** Material supplied follows **
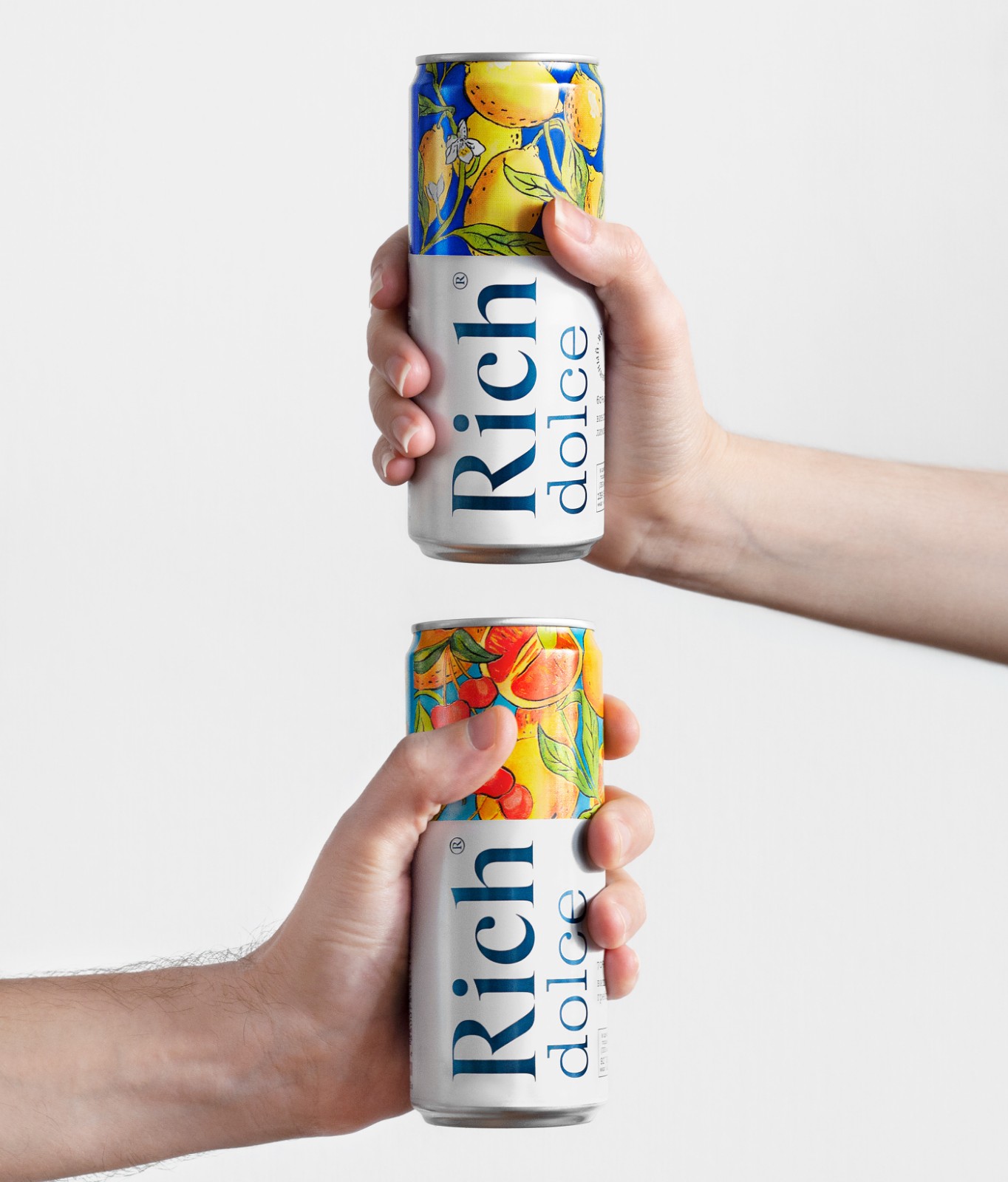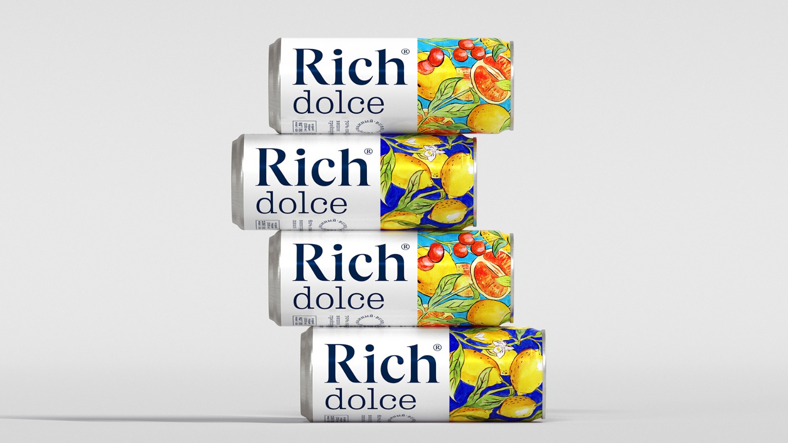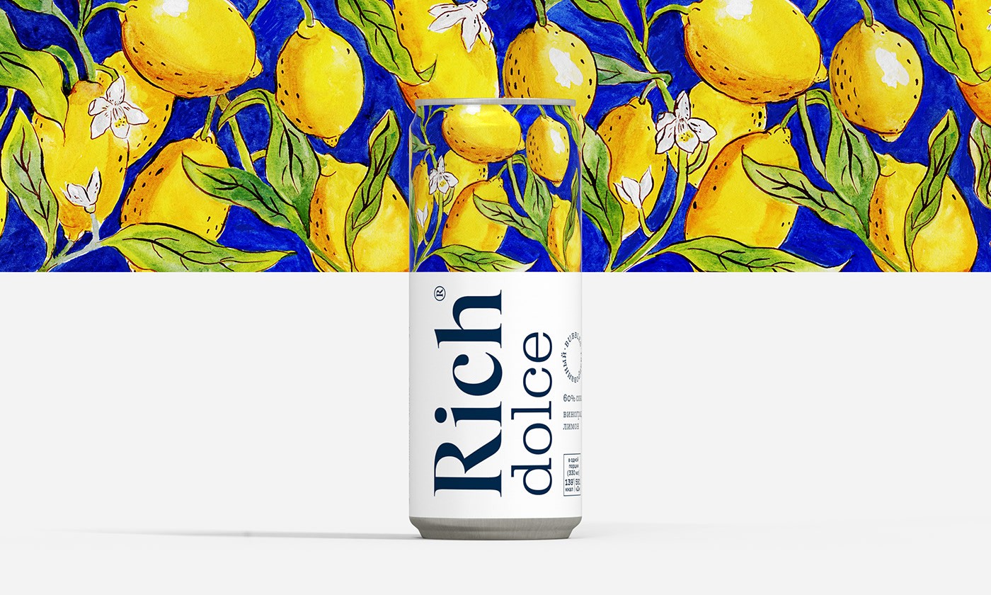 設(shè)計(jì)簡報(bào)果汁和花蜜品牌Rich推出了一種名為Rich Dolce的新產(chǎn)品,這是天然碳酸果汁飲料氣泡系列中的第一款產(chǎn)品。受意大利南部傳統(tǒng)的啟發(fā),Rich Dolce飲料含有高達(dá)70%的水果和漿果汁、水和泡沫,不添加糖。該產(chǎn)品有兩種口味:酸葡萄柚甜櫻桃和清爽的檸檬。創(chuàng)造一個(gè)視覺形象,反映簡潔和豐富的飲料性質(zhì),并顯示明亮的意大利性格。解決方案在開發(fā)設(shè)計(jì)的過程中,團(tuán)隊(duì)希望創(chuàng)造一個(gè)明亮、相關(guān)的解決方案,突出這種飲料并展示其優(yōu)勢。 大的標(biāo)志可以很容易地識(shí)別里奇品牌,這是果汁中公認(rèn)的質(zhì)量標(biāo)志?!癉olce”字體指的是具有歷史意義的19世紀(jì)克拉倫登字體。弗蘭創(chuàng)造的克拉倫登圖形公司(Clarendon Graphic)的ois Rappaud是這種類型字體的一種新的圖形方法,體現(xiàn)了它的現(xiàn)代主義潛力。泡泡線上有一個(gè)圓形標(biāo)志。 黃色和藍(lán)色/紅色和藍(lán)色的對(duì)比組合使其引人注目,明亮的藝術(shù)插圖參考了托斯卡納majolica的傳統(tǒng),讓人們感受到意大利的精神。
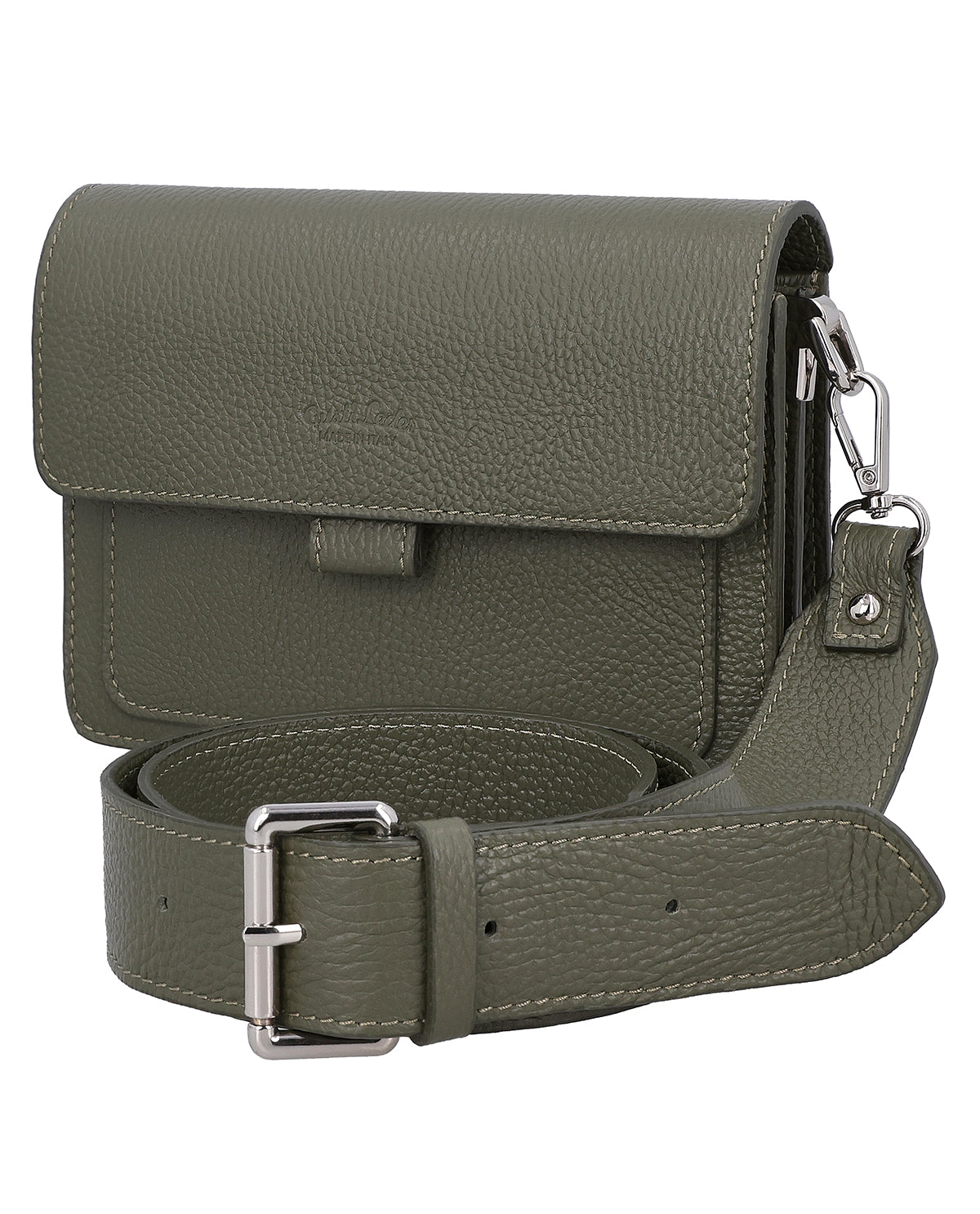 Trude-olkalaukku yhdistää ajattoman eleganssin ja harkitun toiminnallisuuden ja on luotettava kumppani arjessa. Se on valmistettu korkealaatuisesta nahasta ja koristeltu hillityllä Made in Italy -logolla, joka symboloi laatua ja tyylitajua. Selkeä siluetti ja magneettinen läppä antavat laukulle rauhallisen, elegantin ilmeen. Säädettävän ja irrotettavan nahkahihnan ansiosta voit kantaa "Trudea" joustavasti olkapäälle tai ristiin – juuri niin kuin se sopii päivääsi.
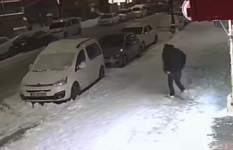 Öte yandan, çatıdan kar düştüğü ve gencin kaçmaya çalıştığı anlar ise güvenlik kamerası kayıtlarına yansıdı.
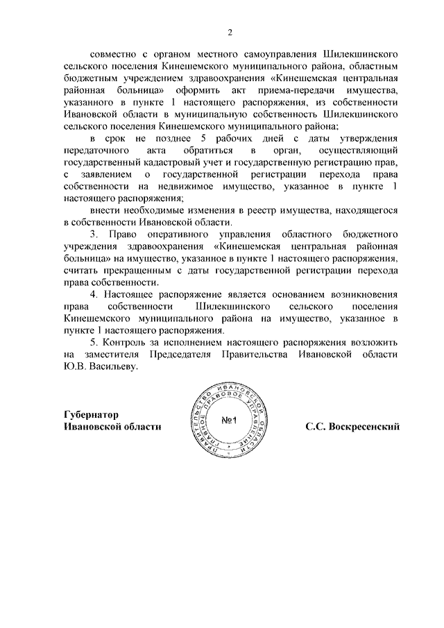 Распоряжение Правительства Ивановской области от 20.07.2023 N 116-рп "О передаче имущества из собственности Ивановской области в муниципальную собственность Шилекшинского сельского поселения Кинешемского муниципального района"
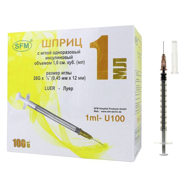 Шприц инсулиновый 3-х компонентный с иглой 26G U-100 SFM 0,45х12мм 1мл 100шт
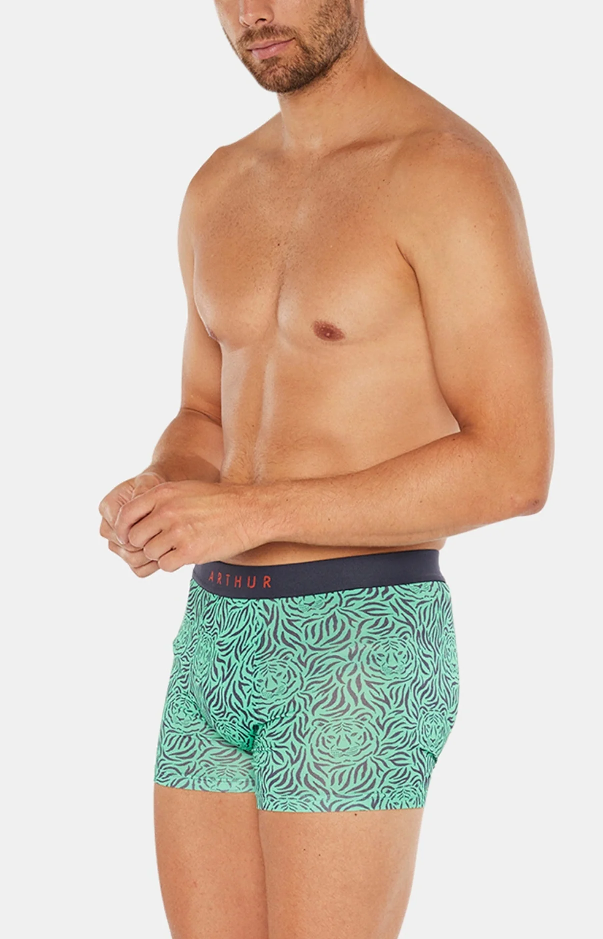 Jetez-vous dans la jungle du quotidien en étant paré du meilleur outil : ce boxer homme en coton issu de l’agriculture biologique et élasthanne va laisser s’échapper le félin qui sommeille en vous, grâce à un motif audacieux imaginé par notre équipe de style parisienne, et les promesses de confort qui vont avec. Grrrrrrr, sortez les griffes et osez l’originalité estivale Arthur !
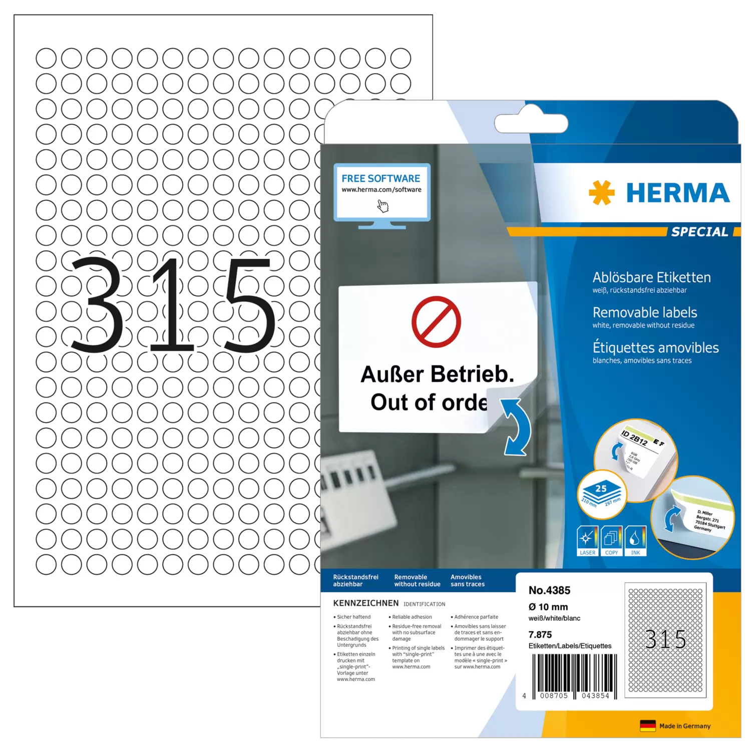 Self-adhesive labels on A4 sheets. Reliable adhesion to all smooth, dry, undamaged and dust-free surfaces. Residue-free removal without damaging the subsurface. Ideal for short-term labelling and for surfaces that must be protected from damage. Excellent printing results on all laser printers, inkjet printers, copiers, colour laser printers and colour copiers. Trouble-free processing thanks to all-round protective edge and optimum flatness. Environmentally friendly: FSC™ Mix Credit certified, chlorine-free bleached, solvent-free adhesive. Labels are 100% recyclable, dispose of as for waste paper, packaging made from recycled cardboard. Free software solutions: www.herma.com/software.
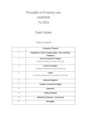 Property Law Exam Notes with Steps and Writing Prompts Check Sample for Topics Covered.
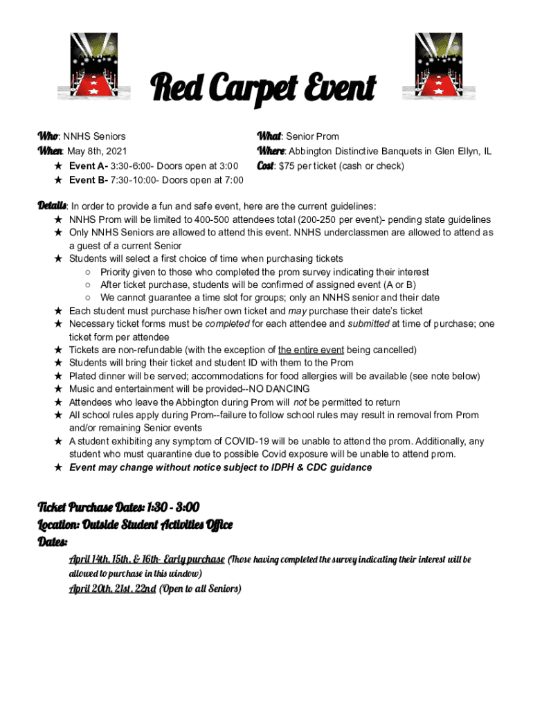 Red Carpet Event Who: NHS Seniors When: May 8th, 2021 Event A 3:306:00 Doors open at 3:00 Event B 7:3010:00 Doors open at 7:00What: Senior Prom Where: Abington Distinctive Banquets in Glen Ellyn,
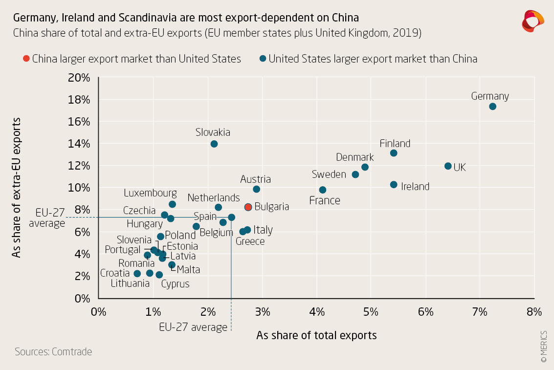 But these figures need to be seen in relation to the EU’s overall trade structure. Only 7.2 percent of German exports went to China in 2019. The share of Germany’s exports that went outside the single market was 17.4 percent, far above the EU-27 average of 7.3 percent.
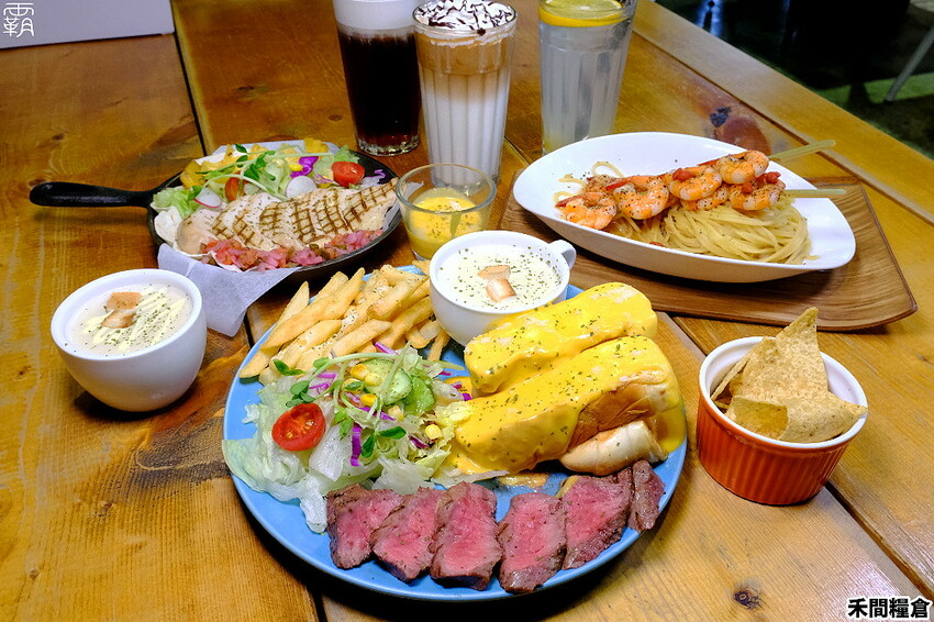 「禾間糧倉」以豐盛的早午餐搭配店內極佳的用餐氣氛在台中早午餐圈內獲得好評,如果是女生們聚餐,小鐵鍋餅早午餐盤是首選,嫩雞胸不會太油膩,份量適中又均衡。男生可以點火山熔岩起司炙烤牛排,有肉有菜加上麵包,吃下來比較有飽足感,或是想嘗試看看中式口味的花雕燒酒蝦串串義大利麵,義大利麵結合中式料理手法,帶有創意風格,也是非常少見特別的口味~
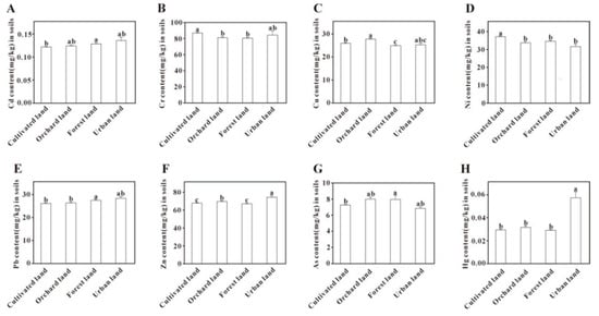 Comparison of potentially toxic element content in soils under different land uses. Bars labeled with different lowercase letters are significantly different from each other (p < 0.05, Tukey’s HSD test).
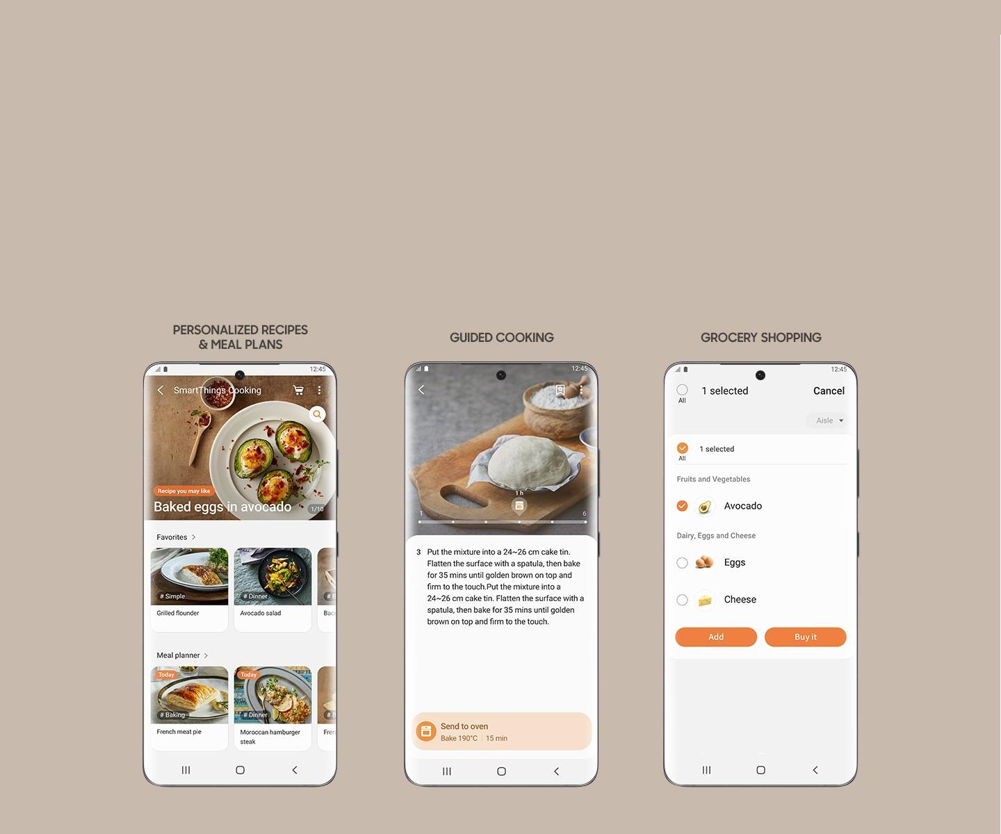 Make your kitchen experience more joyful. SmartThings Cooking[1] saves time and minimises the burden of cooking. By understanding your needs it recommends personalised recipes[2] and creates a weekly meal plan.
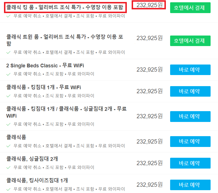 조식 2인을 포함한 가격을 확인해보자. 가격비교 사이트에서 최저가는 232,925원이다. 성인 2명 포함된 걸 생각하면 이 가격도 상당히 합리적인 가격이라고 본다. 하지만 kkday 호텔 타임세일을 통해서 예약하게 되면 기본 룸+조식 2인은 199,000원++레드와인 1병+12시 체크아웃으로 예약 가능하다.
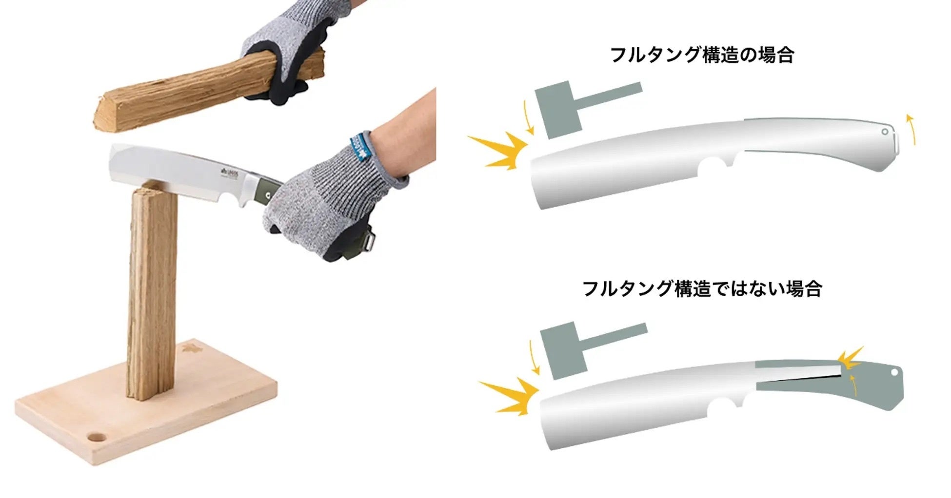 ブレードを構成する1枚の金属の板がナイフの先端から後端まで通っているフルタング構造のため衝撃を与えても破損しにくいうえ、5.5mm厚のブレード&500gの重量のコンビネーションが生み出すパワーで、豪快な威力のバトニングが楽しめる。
** End of Material supplied **
### What you have to do
In the copy, leave out all pictures, and retype exactly each line from the one with "Comparison of potentially" through the last line of the entries.

### Response to this task
 Comparison of potentially toxic element content in soils under different land uses. Bars labeled with different lowercase letters are significantly different from each other (p < 0.05, Tukey’s HSD test).
 Make your kitchen experience more joyful. SmartThings Cooking[1] saves time and minimises the burden of cooking. By understanding your needs it recommends personalised recipes[2] and creates a weekly meal plan.
 조식 2인을 포함한 가격을 확인해보자. 가격비교 사이트에서 최저가는 232,925원이다. 성인 2명 포함된 걸 생각하면 이 가격도 상당히 합리적인 가격이라고 본다. 하지만 kkday 호텔 타임세일을 통해서 예약하게 되면 기본 룸+조식 2인은 199,000원++레드와인 1병+12시 체크아웃으로 예약 가능하다.
 ブレードを構成する1枚の金属の板がナイフの先端から後端まで通っているフルタング構造のため衝撃を与えても破損しにくいうえ、5.5mm厚のブレード&500gの重量のコンビネーションが生み出すパワーで、豪快な威力のバトニングが楽しめる。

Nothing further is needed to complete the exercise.